As part of the tour then we arrived in Kunming the 'spring city', on the day before Eid. It was to be one of my best Eid experiences, not that I knew that at the time. On Eid we made our way from Kunming arriving for Eid prayers at Dabaiya muslim village. As we arrived the whole village was out on the roadside waiting to greet us in the way our Prophet (saw) was greeted in Medina. It was very humbling and touching, I started to feel the strong presence and spirituality of Islam in China. The mosque had a huge courtyard and we women sat in it, as the men prayed their Eid prayer in the mosque. So packed was the mosque that people stretched far out into the courtyard. As the prayer ended they all greeted each other, caught in each others duas. I realise, finally I am starting to see the Islam in China which I had so yearned to see. Children ran around in their Eid clothes, excited and exhilarated, clearly happy to have us as their guests. They had prepared a huge feast for us and all they were concerned about was servitude. We spilled down through the village to the river area crossing fields of crops to where the quarbani was taking place, you really felt a part of it. I had to think twice, almost feeling like I am back in some kind of Arab country, finally I am able to see the wise Chinese Muslim faces I had envisaged.
The tour took us to some amazing places, meeting many locals en route who have devoted their lives to improving living conditions for their communities. Next we go to the stone forest, crossing gradually across Yunnan, through ethnic villages of minority group. China has 10 Muslim nationalities, totalling more than 30 million. These nationalities have their own written and spoken languages as well as cultures and traditions, so the minority villages start to give some insight into the vast scale and context of this vast country and the role which Muslims play in it.
Dali is our next stop set against its backdrop of Cangshan mountain. The hotel we stayed in is traditional crafted with an intricate set courtyard in the middle. It was my first experience of stunning snow scenery in China, and just when you thought it couldnt get any more beautiful it did. We travelled deeper into Yunnan province to Lijiang, an ancient town dating to the Ming dynasty, with a nice informal feel to it. In the evening we just sat out having coffee taking in the landscape of the awe inspiring Jade mountain backdrop. My favourite bit of the whole trip was the next leg through Tiger leaping Gorge and Shangri La. We split into 2 groups to make it easier to venture through this mountainous region on the winding roads approaching the Haba mountain region. The terrain one of deep canyons with altitude gradually ascending. Tiger leaping gorge was stunning, and as the sun went down so did the temperature, the air felt pure and the landscape magical.

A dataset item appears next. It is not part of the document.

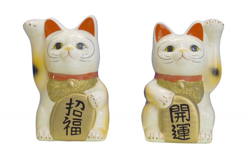By the way, there are different meanings for which hand they are raising. If the cat is raising its right hand, it’s inviting money. If the cat is raising its left hand, it’s inviting people, who are often customers or guests. Raising both hands might be considered as “throw hands up,” therefore, Manekineko usually raises only one hand

As we approach Shangri La, the terrain becomes gradually more Tibetan with all signs now in Mandarin and Tibetan, and Tibetan architectural styles starting to creep in. For me what has made the whole experience special is the whole local interface, we were able to experience first hand the lives, the issues, the context of muslins in China, the local guides are people who live and breathe their culture. With sister Mariah guiding the experience it felt like we had indeed had a true glimpse into the lives of real Muslims living their lives in China, not some tourist perspective but a real perspective.